We are forced to admit to ourselves that everyone we come in contact with is playing a role -- has chosen the role and this book illuminates that the need for us to make our own choices is fundamental. The scenes are raw -- and hot. The real possibility that they are described exactly as they occurred makes them hotter. From humiliation to strap-on, bondage to sensory deprivation, anonymous to anal -- Stephen covers it all in detail and whatever image you have of the D/S and SM worlds will have shifted a degree by the time you finish this book:
"When Eden comes over, when she spends the night, it usually takes a day to get over it anyway. She covers me with bites, bruises, cuts. Her name is carved in my back. She's with me all the time or I'm longing for her. She leaves a velvet bag of rope next to my bed. Sometimes I think it's unfair. She's with me when she isn't."
Stephen Elliott suggests that this lifestyle is him, but that it might be you; might be the person in front of you in line or at the desk next to you at work. And if it is you, that it's OK. We go through life at every age and juncture trying things because we've learned, seen, read about it somewhere. Here, in My Girlfriend Comes to the City and Beats Me Up, you will find the voice that says it is OK.

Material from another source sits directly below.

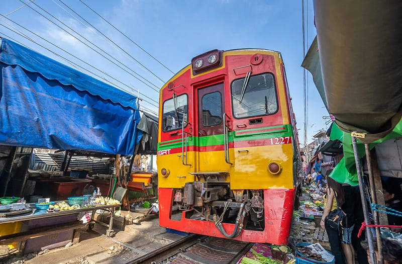 ▲美功鐵道市集(Maeklong Railway Market)是曼谷近郊的傳統市場,遊客可以看到鐵軌兩旁攤擺著傳統市集的特殊景象。每當火車駛過時,攤販們會從容地將原本擺放在鐵軌上的蔬菜、生魚和新鮮肉類收起來。遊客可以目睹火車底盤穿梭過生鮮商品後,市場恢復平靜,就像火車從前沒有經過一樣。這真是一個十分特別的奇觀!

Stephen Elliott on writing My Girlfriend Comes to the City and Beats Me Up:
"I didn't have a vision going into this book. The book is a product of a long journey and though it's very short it took five years to write. I didn't even know I had written a book until I started putting together all the things I had written over the last five years about sex and sexuality. Then I realized I had been taking a direction, peeling back layers of an onion, and I arrived in a different place. It's not a place I imagined. I don't think I ever imagined I could be open about having masochistic desires, that I could date someone with equal and opposite desires and that being open would allow me to engage in sustainable, loving relationships. What I would want to say to other people is that they shouldn't be ashamed of their desires. People should explore their sexuality as early as possible. The sooner you start the further you can go. I wish I had been truly active in the leather community in my late teens and early twenties. Now I'm making up for lost time."